Kita sebenarnya tidak tahu kan apa yang sedang terjadi? Atas apa yang kita lakukan sehari-hari, banyak yang mengakui bahwa mereka hanya berpura mengerti. Berpura menjadi yang terbaik dan paham akan segalanya.
While deep down, we're craving for some more information. Some more lecture and some more.. Guidance.
***
Find a job, get a girl, get married, have children, lalu ketika ada orang yang menolak pola tersebut dengan bangga ia berkata "adalah saya seorang yang tidak mengikut arus" tapi dalam hati ia menangis, merindukan suara lembut menenangkan setiap pulang dari kantor, haus akan makna hidup, dan lari ke dalam pelukan consumerism.
***
Kita semua -mau tidak mau- pasti akan masuk ke dalam lingkaran 'adult responsibility' yang tidak bisa dihindari. Satu-dua vacation hanya bisa menutupi sebentar, tapi tidak pernah bisa menyelesaikan satu pun permasalahan.

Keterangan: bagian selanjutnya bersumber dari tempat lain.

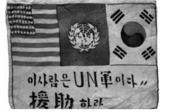
한국전쟁 당시 참전 미군이 사용한 태극기(사진 위)와 비행기 조종사 생활요청 표식인 블러드 칫.
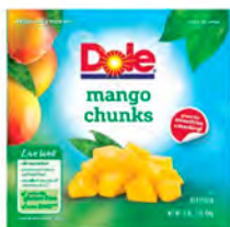
Mango Cont. Net.: 454g
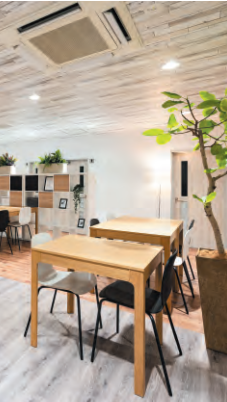
姫路本社 3F Oasis

Ya. Kita harus hadapi. Untuk itu kita butuh pasangan yang kuat, agar bisa sama-sama menghadapi dunia yang semakin rumit ini. Itulah kenapa nasehat lama selalu melibatkan untuk mencari pasangan, dan tidak menyarankan untuk hidup sendirian.
***
Seorang teman mengeluhkan atasannya yang tiba-tiba menolak usulan yang telah lama ia perjuangkan. Seorang teman lain, melalui fitur komunikasi berbeda, mengeluhkan tentang partner kerja nya yang penuh dengan kekurangan. Saya harus menerima, menampung, dan menetralisir semua negative vibe yang masuk agar bisa tetap tenang.
Apa sebetulnya yang sering kita permasalahkan?
Tidak jauh dari ego. Ego traps. Merasa diri sendiri lebih baik dari orang lain. Mudah tersinggung ketika seseorang melakukan hal yang dia tidak sengaja, menolak mendengar alasan, menolak bersimpati. Apalagi berempati.
Ketika hidup sudah terlalu dipenuhi ambisi, itulah yang akan terjadi. Saya pikir menangani persoalan di muka bumi ini bukan dengan rapat berjam-jam di meja panjang dengan layar monitor lebar. Tapi dengan berkontemplasi, mengevaluasi diri sendiri, dan memikirkan kondisi orang lain.
Seberapa sering kita menyebut nama orang lain dalam percakapan kita dengan Tuhan?
Ditengah kegagalan demi kegagalan yang saya temui selama dalam proses mencari pasangan ini, saya belajar bahwa pembuktian cinta paling utama adalah ketika kita menyebut nama seseorang, mendoakan akan segala kebaikan dalam hidupnya tanpa ia ketahui. Cinta itu bisa untuk siapa saja. Ibu, Ayah, saudara, teman seperjuangan, sahabat, siapapun. Beruntunglah kalian yang namanya di sebut dalam doa seseorang, dan yakinlah bagi para pemberi doa, langit bekerja bagai cermin. It reflects what you send.
***
Ketika kita hanya berpura-pura mahir dalam bidang yang kita kerjakan, berpura-pura tenang dalam kesibukan yang menenggelamkan, selalu arahkan pikiran untuk menikmati every little moment. Because the time won't pass twice.
Tidak perlulah merasa diri paling hebat, paling mampu, dan paling sibuk. Karena toh kita cuma berpura-pura.
Uang yang kita hasilkan, adalah cerminan dari seberapa cerdas kita memainkan peran. Apa yang untuk dibanggakan? Sudahlah. Pulang lah ke rumah. Temui mereka yang mencintai dan kita cintai. Pelu dan rangkul mereka. Ukir senyum di wajah tulus mereka. Karena bahagia dan damai di bumi, berangkatnya dari sana.